PROVIDED ENTRIES —
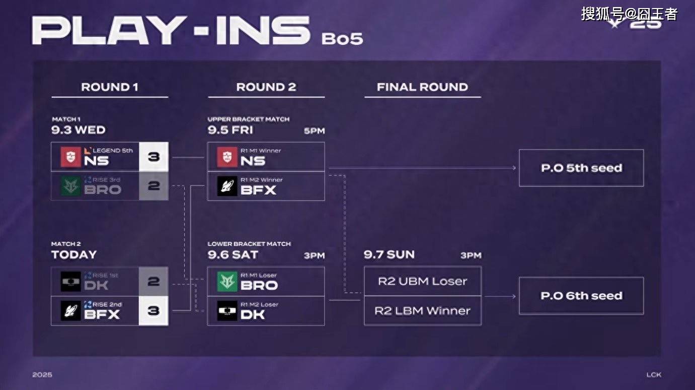 LCK常规赛阶段,已经结束,GEN,T1,HLE,KT已经进入季后赛。剩下的NS,BRO,DK和BFX将打入围赛,四队争夺2个正赛名额,胜者将进入季后赛第一轮。LCK入围赛阶段,于9月3日正式打响,然后10号正式打季后赛,T1和KT选队。
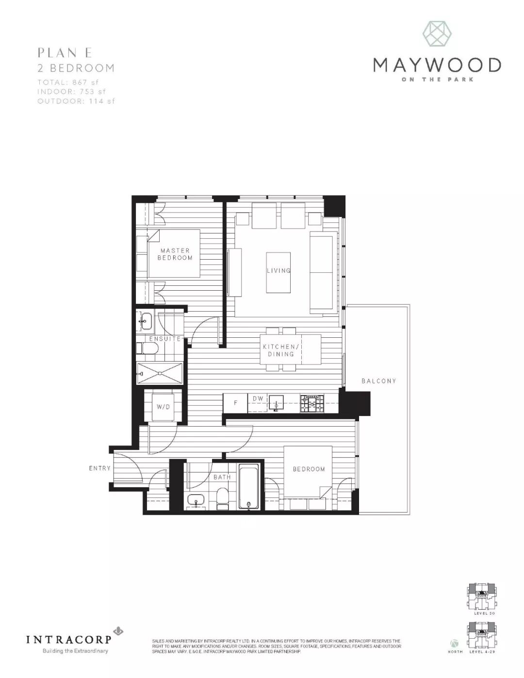 拥有40年本地建造经验的老牌白人建商Intracorp近期就在铁道镇推出了实惠的纯住宅公寓大楼Maywood On the Park。其主打的2室2卫E户型,布局合理,没有一丝浪费。两个卧室的朝向保证全年光照充足,而且室内安装空调,无需担忧夏日气温炎热。
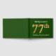 This guest book design features the ordinal number "77th" with a faux/imitation gold-like appearance. It also features a customised name, and a green coloured background. It could be used at a party for somebody celebrating their seventy seventh birthday. [~Z0000056]
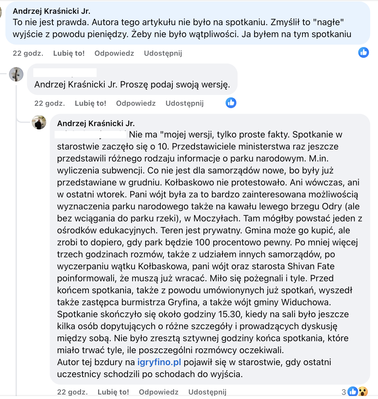 Informacje te potwierdza w komentarzu na facebookowej grupie Spotted: Kołbaskowo dziennikarz Gazety Wyborczej Andrzej Kraśnicki Jr.
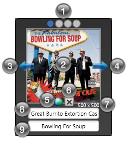 Artwork Results A circle represents one album artwork search result.  Clicking on the circle will change album artwork displayed and make it the selected album artwork to be saved.  When selecting the dimensions of the newly selected search result will be shown below the bottom right of the artwork.
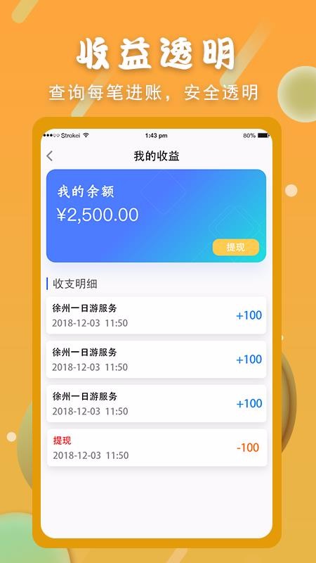 1、清晰明了的收支明细,我的收益中还设置收支明细展示栏并展示清晰的明细内容;
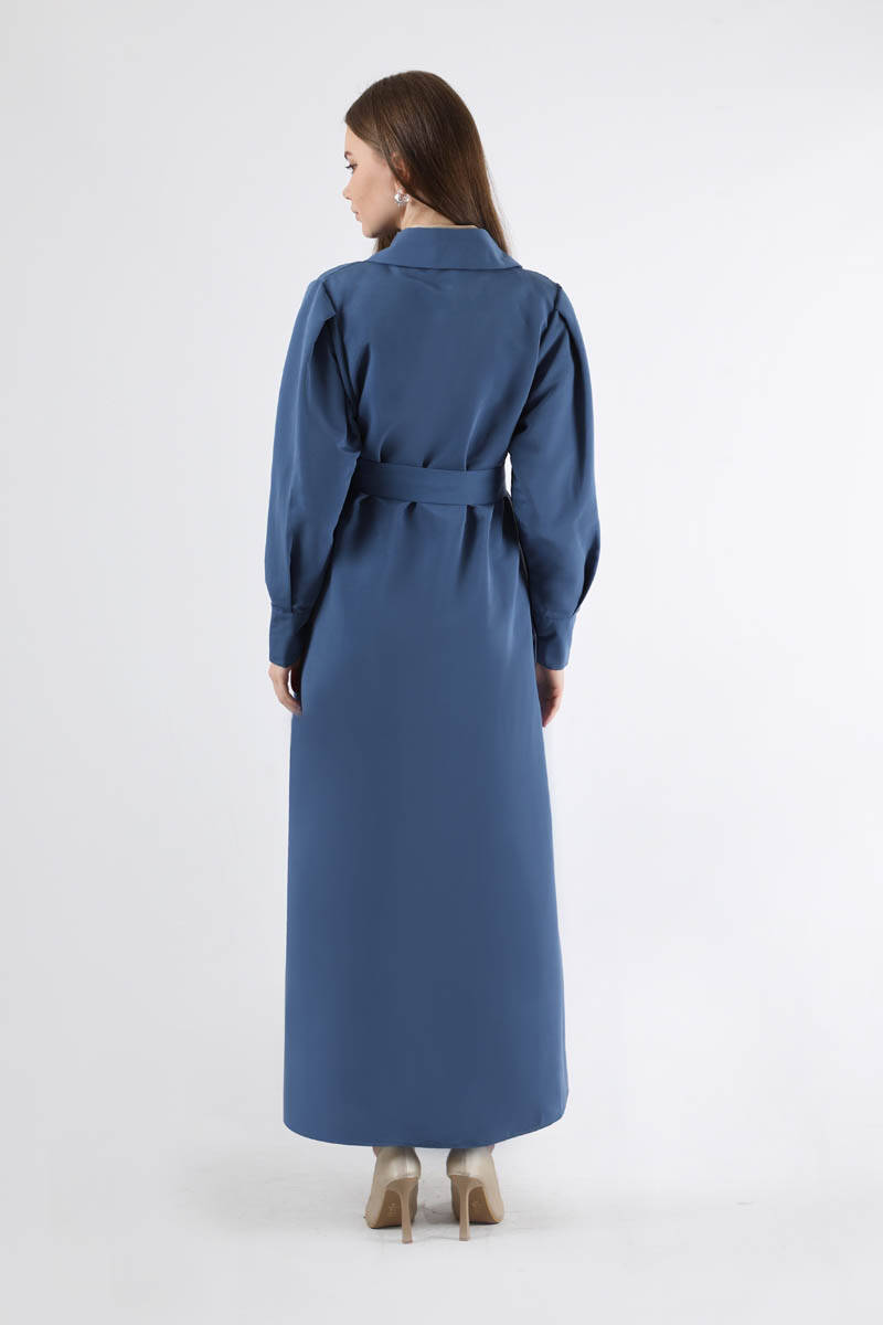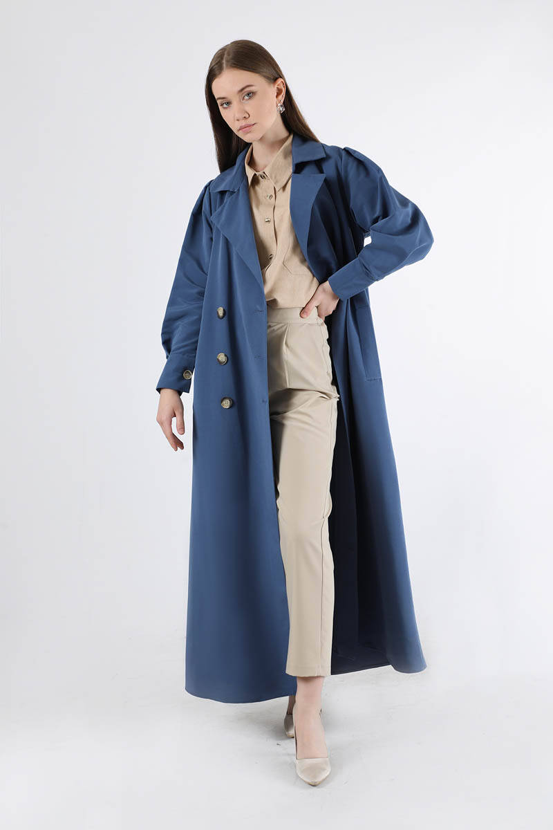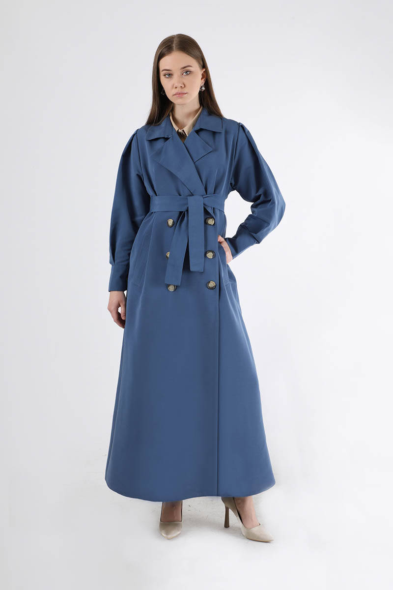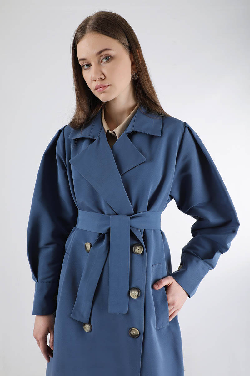 Jamin Trench Coat İndigo. It is an English collar and double-breasted closure. The trench coat is belted at the waist and has pocket details. The product is unlined.
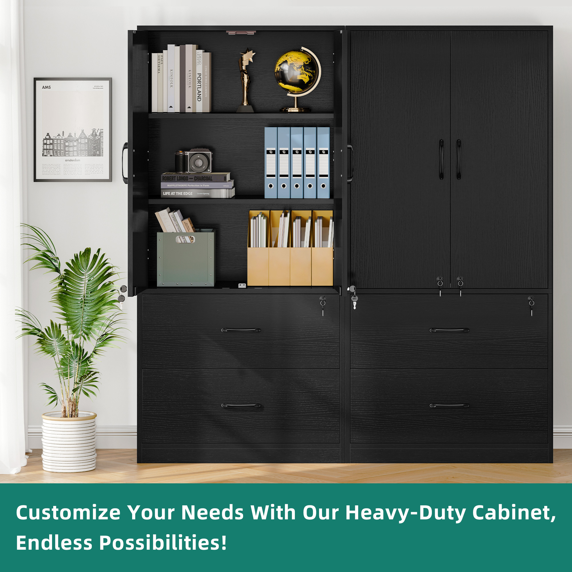The bottom drawer of this mobile lateral storage cabinet is equipped with removable hanging bars. This allows you to conveniently store A4 Letter and Legal documents, and the drawer can be locked for added security.
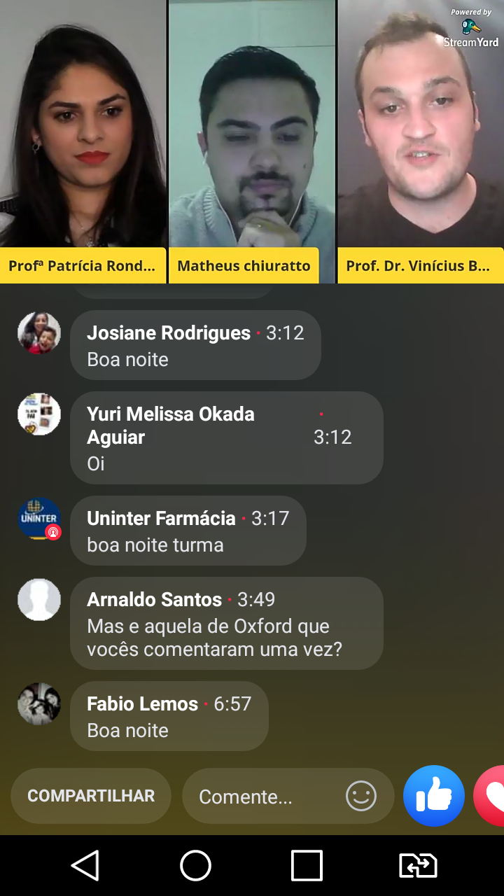 O evento foi transmitido pelo Facebook e permanece disponível na página Uninter Farmácia.
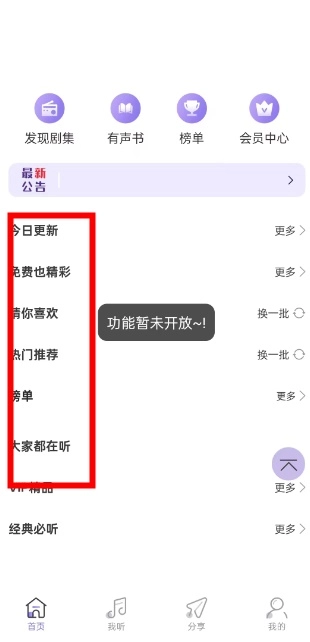 2、平台汇集海量小说及广播剧等音频资源,随时免费收听。
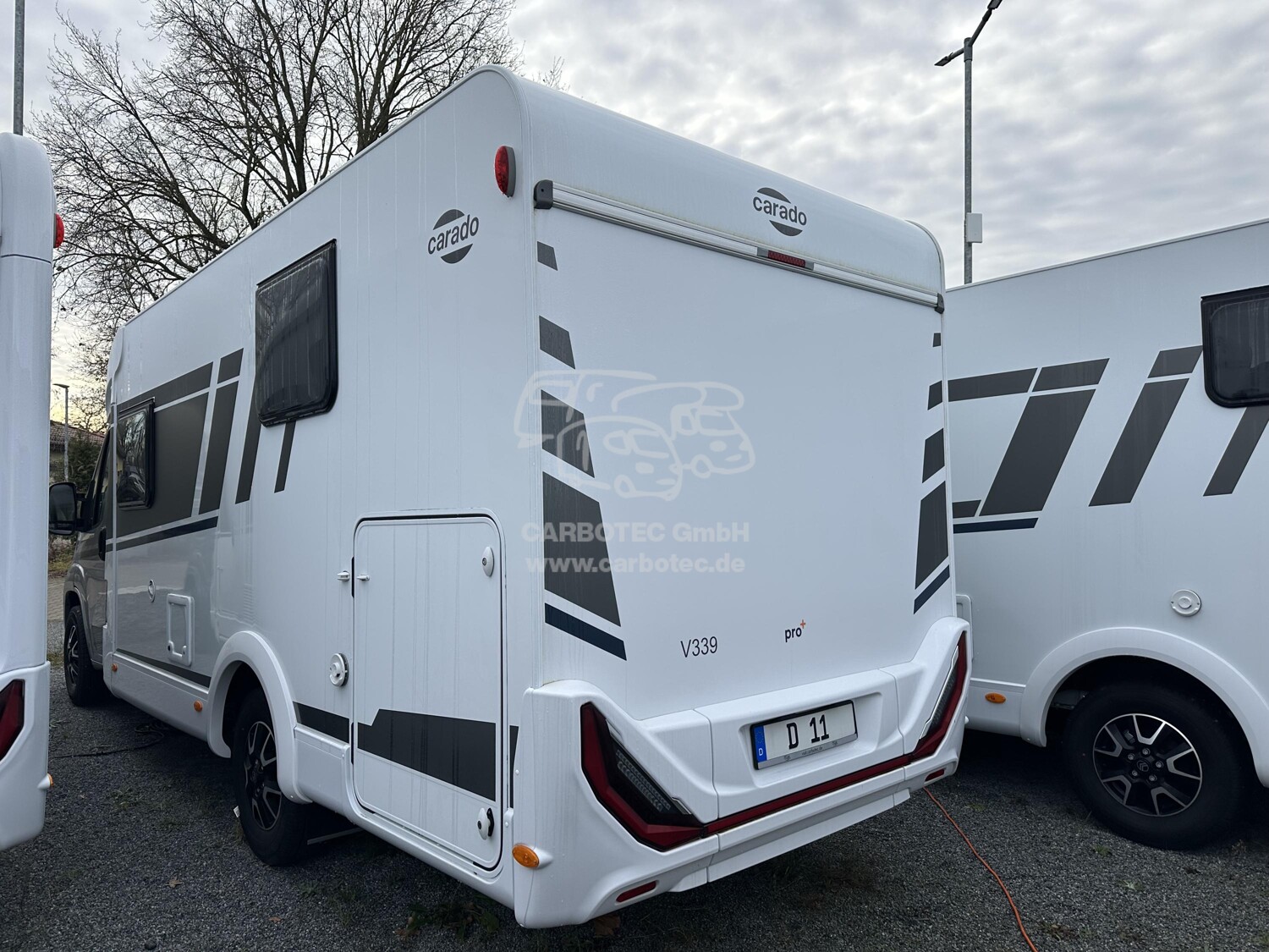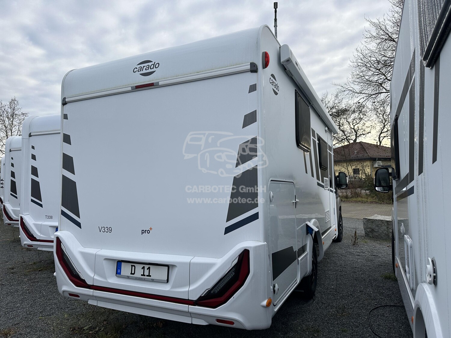 - pro+ Paket V339 (Optik Paket 1 | Stoßfänger lackiert, Optik Paket 2 | Alufelgen, Basic Paket, Chassisfarbe Artense Grau Metallic, Faltverdunkelung Fahrerhaus, Fenster in Fronthaube, Sonderfarbe Dachstauschrankklappen und Türen in Cosy White, Beklebung pro+, Markise 4 m, TV Paket (22" Smart-TV & Halter | Sat-Antenne Flatsat Classic 65), Abwassertank isoliert)

ABOUT THIS TASK — The data above, line by line: transcribe it exactly and drop the pictures.

RESPONSE TO THIS TASK —
 LCK常规赛阶段,已经结束,GEN,T1,HLE,KT已经进入季后赛。剩下的NS,BRO,DK和BFX将打入围赛,四队争夺2个正赛名额,胜者将进入季后赛第一轮。LCK入围赛阶段,于9月3日正式打响,然后10号正式打季后赛,T1和KT选队。
 拥有40年本地建造经验的老牌白人建商Intracorp近期就在铁道镇推出了实惠的纯住宅公寓大楼Maywood On the Park。其主打的2室2卫E户型,布局合理,没有一丝浪费。两个卧室的朝向保证全年光照充足,而且室内安装空调,无需担忧夏日气温炎热。
 This guest book design features the ordinal number "77th" with a faux/imitation gold-like appearance. It also features a customised name, and a green coloured background. It could be used at a party for somebody celebrating their seventy seventh birthday. [~Z0000056]
 Informacje te potwierdza w komentarzu na facebookowej grupie Spotted: Kołbaskowo dziennikarz Gazety Wyborczej Andrzej Kraśnicki Jr.
 Artwork Results A circle represents one album artwork search result.  Clicking on the circle will change album artwork displayed and make it the selected album artwork to be saved.  When selecting the dimensions of the newly selected search result will be shown below the bottom right of the artwork.
 1、清晰明了的收支明细,我的收益中还设置收支明细展示栏并展示清晰的明细内容;
 Jamin Trench Coat İndigo. It is an English collar and double-breasted closure. The trench coat is belted at the waist and has pocket details. The product is unlined.
The bottom drawer of this mobile lateral storage cabinet is equipped with removable hanging bars. This allows you to conveniently store A4 Letter and Legal documents, and the drawer can be locked for added security.
 O evento foi transmitido pelo Facebook e permanece disponível na página Uninter Farmácia.
 2、平台汇集海量小说及广播剧等音频资源,随时免费收听。
 - pro+ Paket V339 (Optik Paket 1 | Stoßfänger lackiert, Optik Paket 2 | Alufelgen, Basic Paket, Chassisfarbe Artense Grau Metallic, Faltverdunkelung Fahrerhaus, Fenster in Fronthaube, Sonderfarbe Dachstauschrankklappen und Türen in Cosy White, Beklebung pro+, Markise 4 m, TV Paket (22" Smart-TV & Halter | Sat-Antenne Flatsat Classic 65), Abwassertank isoliert)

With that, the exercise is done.